LIFR, a transmembrane receptor protein of the type 1 cytokine receptor family, is involved in cellular differentiation, proliferation, and survival; moreover, it inhibits the p53 apoptotic pathway. Low expression has been detected in various human cancers [45]. However, LIFR has been identified as both a suppressor and a promoter of carcinogenesis. PDGFR encodes a cell-surface tyrosine kinase receptor that binds platelet-derived growth factor family members. The receptor complex activates pathways involved in cell migration and chemotaxis during wound healing [46]; additionally, mutations in PDGFRA play an active role in cancer development [47]. Finally, SPARCL is involved in extracellular matrix synthesis. It was downregulated in number human cancer types [48]. It remains unclear why these genes, which are involved in cellular differentiation, wound healing, and extracellular matrix formation, are downregulated in clinically normal-appearing mucosa acquired from patients with TSCC. Future studies should investigate whether this phenotype might indicate increased susceptibility to malignant transformation.

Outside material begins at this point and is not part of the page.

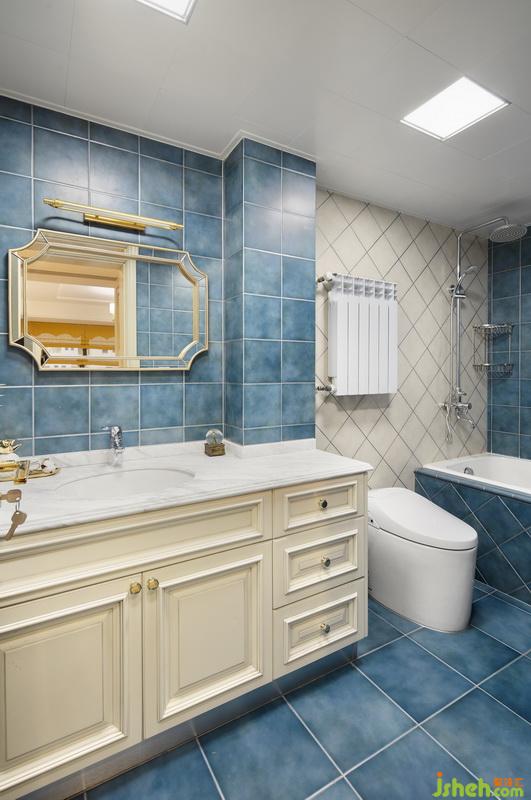 主衛(wèi)搭配了水藍(lán)色和米色的仿古磚,通過鋪法的改變帶來一絲幽靜的感覺。

The GGE analysis of blood samples revealed a large array of snRNA-type pseudogenes. Of these, RNU6-620P was downregulated 11.8-fold (P = 5.80e-80) and RNU6-622P was upregulated 7.3-fold (P = 8.62e-05) compared to controls. A cluster analysis of the expression of snRNAs and other noncoding RNAs in the blood revealed that distinctly different clusters of noncoding RNAs were associated with TSCC and controls (Fig 5). The protein coding genes did not show the same distinction.

Conclusion

In this pilot study, we described a gene signature expressed by mucosal tissue and circulating peripheral blood cells from patients with TSCC in response to RT. We chose to take the second biopsy before any macroscopic damage in order to gain insight into the molecular processes that underlie mucositis and to avoid harvesting disintegrates tissue dominated by inflammatory mediators. RT caused molecular alterations related to apoptosis, DNA damage, DNA repair, and proliferation. However, these alterations were independent of clinical mucositis severity. Furthermore we identified a potential protective biomarker for ulcerative mucositis. Based on these results, we concluded that our model was feasible, and the data will be useful in designing a prospective clinical validation trial for characterizing mucositis at the molecular level and identifying predictive biomarkers.

Accesion codes

Phenotype data described in this manuscript was deposited at the NCBI Gene Expression Omnibus (GEO) repository under no GSE103412.